🤖 AI Summary
This study addresses the challenge of continual pretraining of large language models (LLMs) in dynamic knowledge environments, aiming to balance assimilation of new knowledge with retention of prior knowledge. To this end, we introduce the first benchmark specifically designed for evaluating continual pretraining under evolving data distributions, enabling systematic analysis of the interplay among model scale, semantic structure of domain sequences, and knowledge transfer/forgetting. We propose a novel cross-domain adaptive evaluation paradigm and uncover three key findings: (i) smaller models (<1.5B parameters) exhibit high sensitivity to both learning and forgetting; (ii) semantically ordered domain sequences foster specialization, whereas random sequences enhance generalization and cross-domain transfer; and (iii) larger models consistently achieve lower perplexity.
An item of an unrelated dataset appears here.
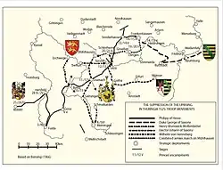 On April 29, 1525, the struggles in and around Frankenhausen had culminated into an open revolt.[1] Large parts of the citizenry joined the uprising, occupied the town hall, and stormed the castle of the Counts of Schwarzburg. In the following days, a rising number of insurgents gathered around the town, and when Müntzer arrived with 300 fighters from Mühlhausen on May 11, several thousand peasants of the surrounding Thuringian and Saxon estates camped in the fields and pastures. Philip of Hesse and his father-in-law George of Saxony had originally targeted Mühlhausen as their strategic objective but, when news arrived that Müntzer left with a troop for Frankenhausen, they changed their march route and directed their Landsknecht troops toward Frankenhausen.[2]

Empirical results demonstrate that our continual pretraining paradigm significantly improves downstream task performance across the GPT-2 family, with particularly pronounced gains for smaller models.
📝 Abstract
Continual learning (CL) in large language models (LLMs) is an evolving domain that focuses on developing efficient and sustainable training strategies to adapt models to emerging knowledge and achieve robustness in dynamic environments. Our primary emphasis is on continual domain-adaptive pretraining, a process designed to equip LLMs with the ability to integrate new information from various domains while retaining previously learned knowledge. Since existing works concentrate mostly on continual fine-tuning for a limited selection of downstream tasks or training domains, we introduce a new benchmark designed to measure the adaptability of LLMs to changing pretraining data landscapes. We further examine the impact of model size on learning efficacy and forgetting, as well as how the progression and similarity of emerging domains affect the knowledge transfer within these models. Our findings uncover several key insights: (i) continual pretraining consistently improves<1.5B models studied in this work and is also superior to domain adaptation, (ii) larger models always achieve better perplexity than smaller ones when continually pretrained on the same corpus, (iii) smaller models are particularly sensitive to continual pretraining, showing the most significant rates of both learning and forgetting, (iv) continual pretraining boosts downstream task performance of GPT-2 family, (v) continual pretraining enables LLMs to specialize better when the sequence of domains shows semantic similarity while randomizing training domains leads to better transfer and final performance otherwise. We posit that our research establishes a new benchmark for CL in LLMs, providing a more realistic evaluation of knowledge retention and transfer across diverse domains.